Surviving hospital (just)

My favourite photo so far, understandably! Joe hotfooted it from school (excellent excuse to miss double Philosophy!) to be our first visitor, only an hour after his sisters made their grand entry. Would have been nice if he’d shaved, but there you go…

So, tenuous link to hospitals…The full hideousness of the birth story will follow, promise. Teensy tinsy problem in that we’re friends with the lady who manages women’s healthcare at Kings so want to download to her before I vent here…

In the meantime, I thought, given a few of you are expecting, a ‘how to just about survive hospital’ guide might help.

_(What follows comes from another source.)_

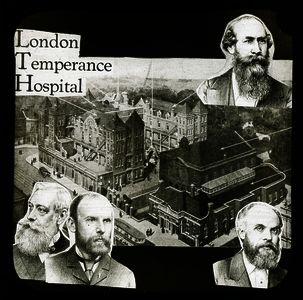 This home-made lantern slide commemorates the founding of the London Temperance Hospital in 1873. It was the first hospital not to use alcohol as part of treatment, which was common practice.

There are loads of lists out there about what to take, so this isn’t comprehensive, but things I found helpful were:

  • A handheld electric fan
  • Those little water sprays
  • Ice in a thermos, with a flannel
  • Straws (despite all requests to the contrary, you’re lying down a lot, and drinking from a cup or even bottle is tricky)
  • Dried fruit, cereal bars, rice cakes
  • Your own loo roll so you can avoid the nasty hospital paper stuff
  • Endless wet wipes
  • Pen and paper so you can write lists about lists for your partner
  • Your own Paracetamol in case the hospital ‘forgets’
  • A mirror, brush and some make up. Vain, moi? I didn’t have a mirror, the thought of walking to the bathroom was too daunting and, as a result, the post birth photos are being consigned to the bin…
  • I used a nightie from this company, which worked well. They’re made from bamboo jersey which is breathable and keeps you cool (hospitals are so HOT), button down the front which is handy for afterwards and they’re in dark colours, so you don’t have to wander round the hospital looking like you’ve been ten rounds with Freddie Krueger.

Oh, and cheese 😉 Jon put together an amazing picnic for me of all the things I hadn’t been able to eat or drink. Surprisingly enough, foie gras on crackers beats hospital lasagne!

So that covers ‘stuff’. In terms of coping strategies:

Something happens in hospital. No matter who you are, it’s hard not to feel intimidated. These guys are experts, yes? They know what’s best, right? Er, not necessarily.

Take loads of copies of your birth plan and make sure everyone reads it. If they question anything, point out your consultant has agreed it (which means getting your consultant to agree it beforehand, maybe sign it).

In the nicest possible way, stand up for yourself and, to be honest, that is a far more important job for your birth partner than massaging you (would you massage someone having a heart attack? No) or asking for the tenth time if you’re OK (NO! I’m bl**dy not!)

On both a practical and emotional level it really helped to know Jon had my back. I was hyper contracting, had been forgotten, had no painkillers and he stood by Reception and simply refused to leave or shut up till someone came.

Then the opposite – in recovery when we had different people coming in every 5 minutes and I hadn’t slept for 48 hours by that point, he sat outside the door and blocked all entry.

We sound like a nightmare don’t we?! And I’m sure my NHS cousins are appalled…but keep reminding yourself that, when it comes to your own body, you’re often far more of an expert than them.

In recovery, don’t be a hero. Especially if you’ve had a CS. I knackered myself trying to pick the twins up, cope alone during the nights etc when really I shouldn’t have been moving. Use that buzzer to get someone to come and help with the lifting and also for those first few feeds. It’s important you get them right otherwise you get the dreaded cracking which is difficult to reverse.

Limit visits, and keep them brief. They’re surprisingly tiring and you also don’t want feeding patterns disturbed, lovely as it is to show off the new arrivals – you’ve got plenty of time for that later.

Hope this helps. So, to end with a gratuitous and completely unconnected pic of the girls ‘enjoying’ bathtime.


They usually seem to like it apart from when Joe’s there, at which point they scream their little pink heads off in a successful attempt to dissuade him from ever helping…Note the handy bath seats – solves the problem of how to bathe two babies with the same number of hands!